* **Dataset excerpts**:
Segment Open
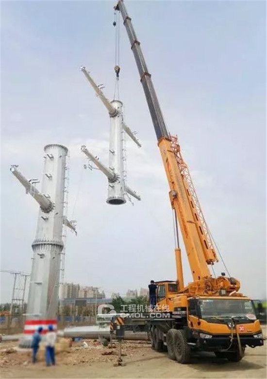 大连长兴岛国电电塔工程的现场,XCT80汽车起重机直戳云霄,不费吹灰之力吊起巨型电塔
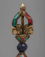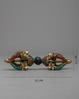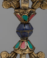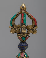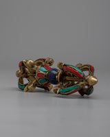 This Vajra Dorje, adorned with intricate inlays of Artificial Stone(turquoise, Lapis Lazuli, and coral), reflects the vibrancy of Tibetan culture. These stones are more than just ornaments; they are powerful symbols in Tibetan Buddhism, representing wisdom and compassion, both of which are necessary for enlightenment.
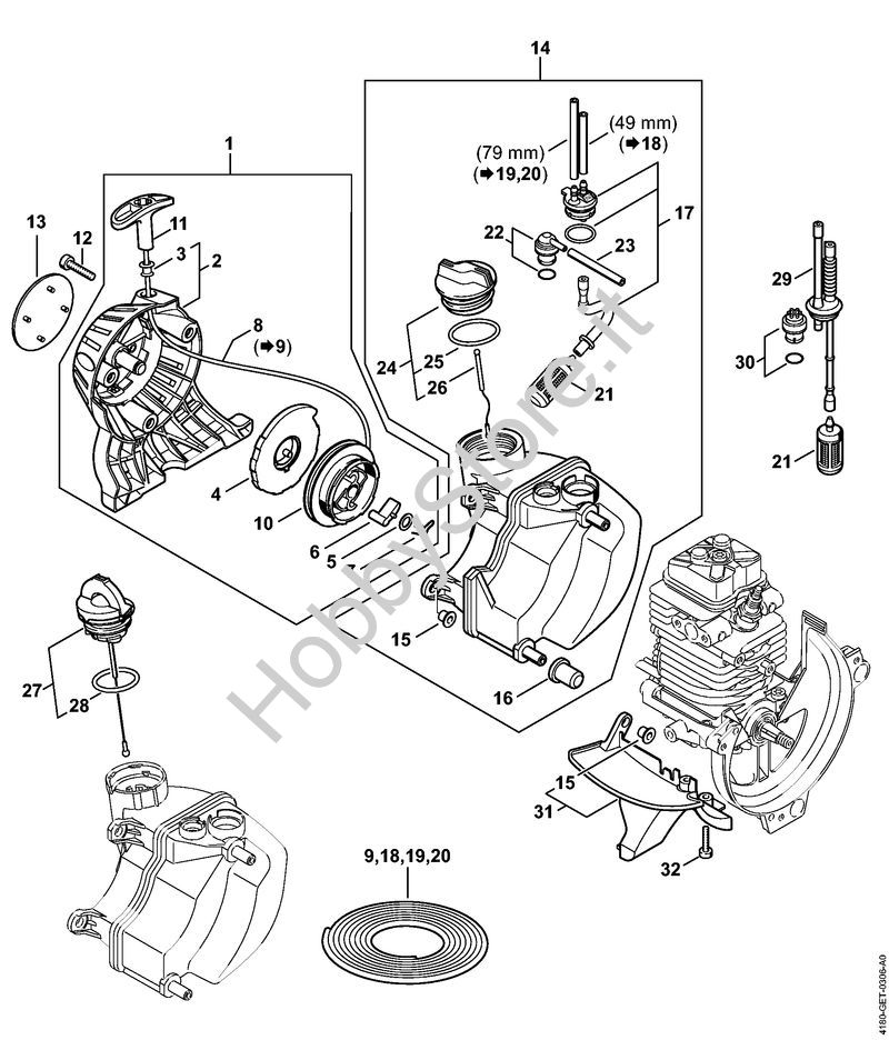 Dispositivo di avviamento, serbatoio carburante Decespugliatrici (FS) FS 100 R della marca STIHL
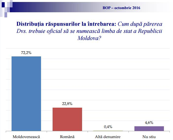 Potrivit studiului, la întrebarea — „Cum după părerea d-stră trebuie oficial să se numească limba de stat a Republicii Moldova?”, majoritatea covîrșitoare a respondenților circa – 72,2%, au declarat că aceasta trebuie să se numească – moldovenească.
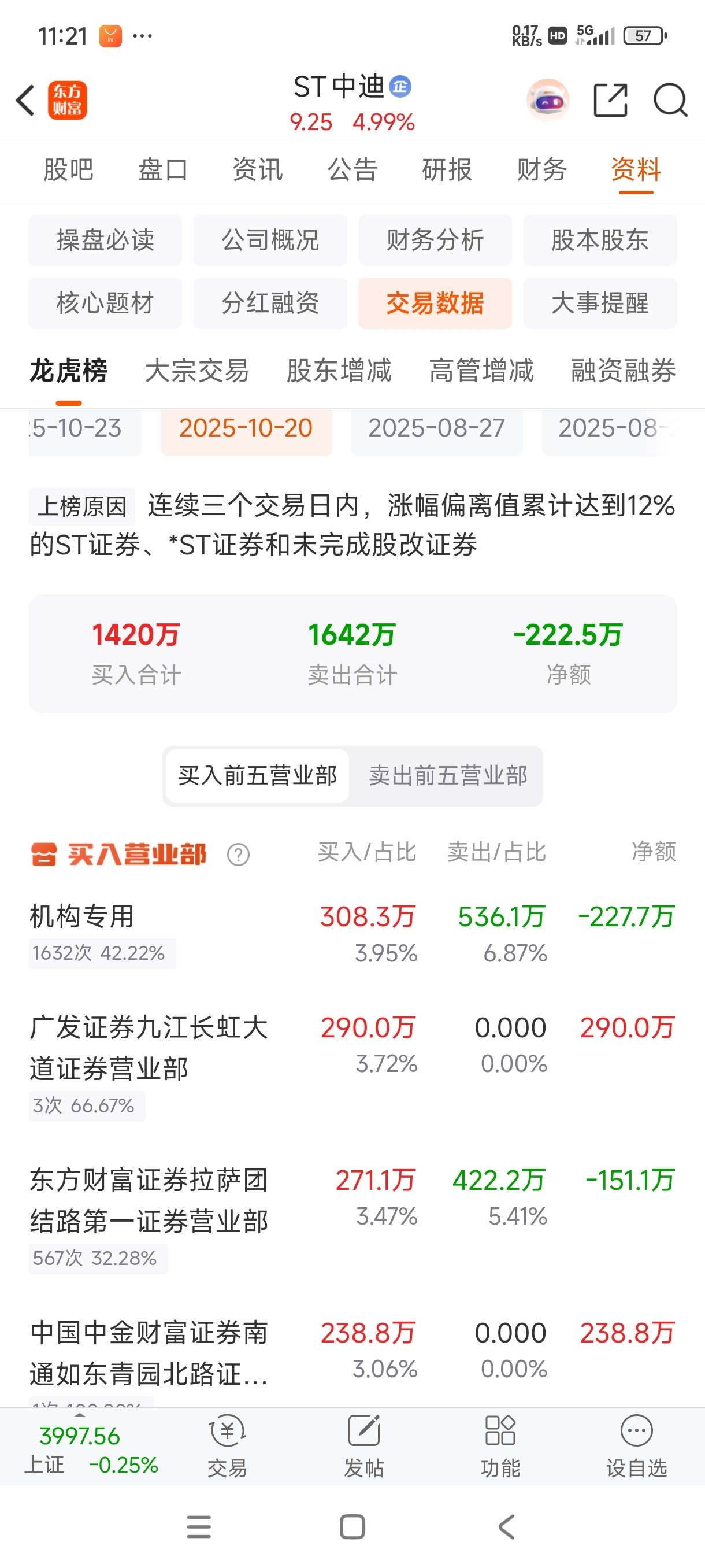10月20日(16/17/20这3天)的龙虎榜买入前5名都不在11月7日的龙虎榜
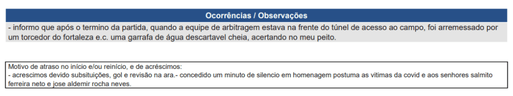 O motivo do julgamento é devido o relato do árbitro Anderson Daronco na súmula da partida Fortaleza 0x1 Fluminense realizado no último dia 22 de maio, na Arena Castelão, pelo Brasileirão. O juiz descreveu que um torcedor do Fortaleza jogou uma garrafa de água cheia e acertou o seu peito.
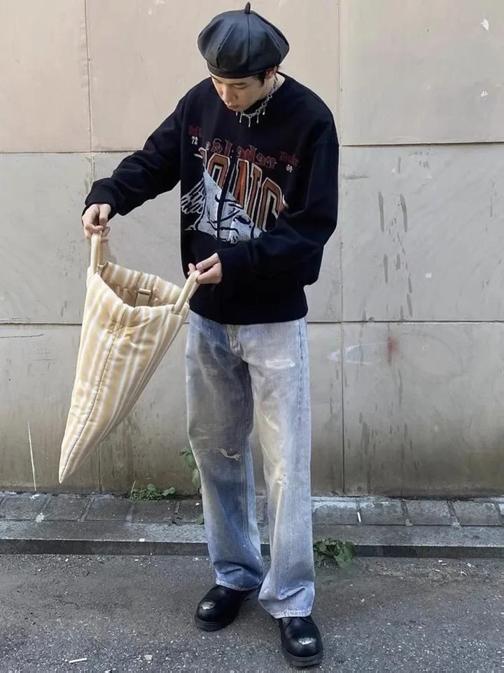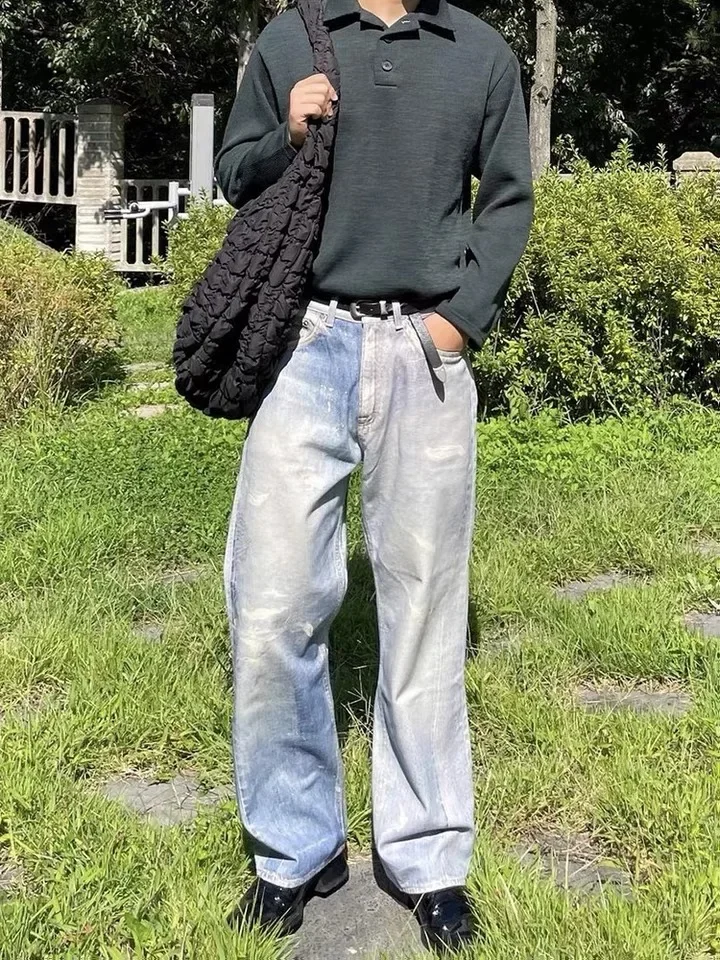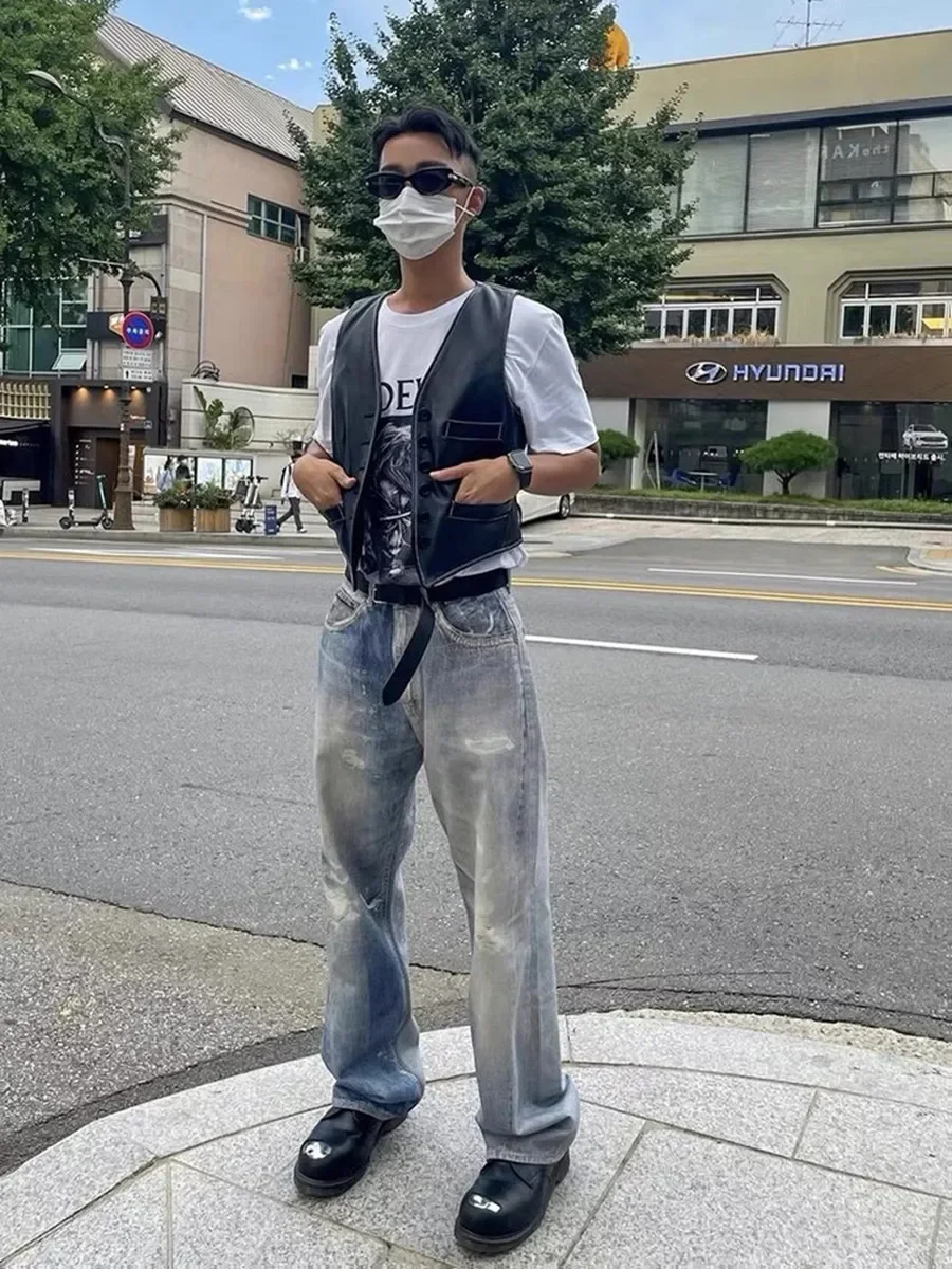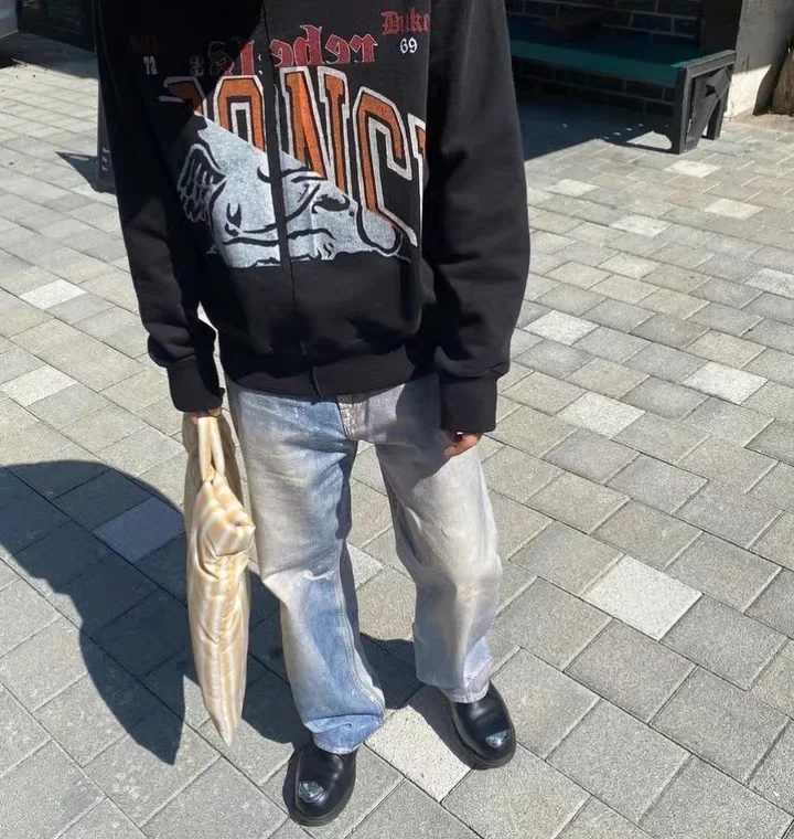 Notre héritage – jean imprimé bleu de qualité supérieure pour hommes, pantalon ample délavé, vêtements Y2k, pantalon en Denim décontracté
Segment Closed
* **Goal of the exercise**: Return the lines above from the one with "10月20日(16/17/20这3天)的龙虎榜买入前5名都不在11月7日的龙虎榜" through the one with "O motivo do", verbatim and nothing else. Omit every picture.

* **Written solution**:
10月20日(16/17/20这3天)的龙虎榜买入前5名都不在11月7日的龙虎榜
 O motivo do julgamento é devido o relato do árbitro Anderson Daronco na súmula da partida Fortaleza 0x1 Fluminense realizado no último dia 22 de maio, na Arena Castelão, pelo Brasileirão. O juiz descreveu que um torcedor do Fortaleza jogou uma garrafa de água cheia e acertou o seu peito.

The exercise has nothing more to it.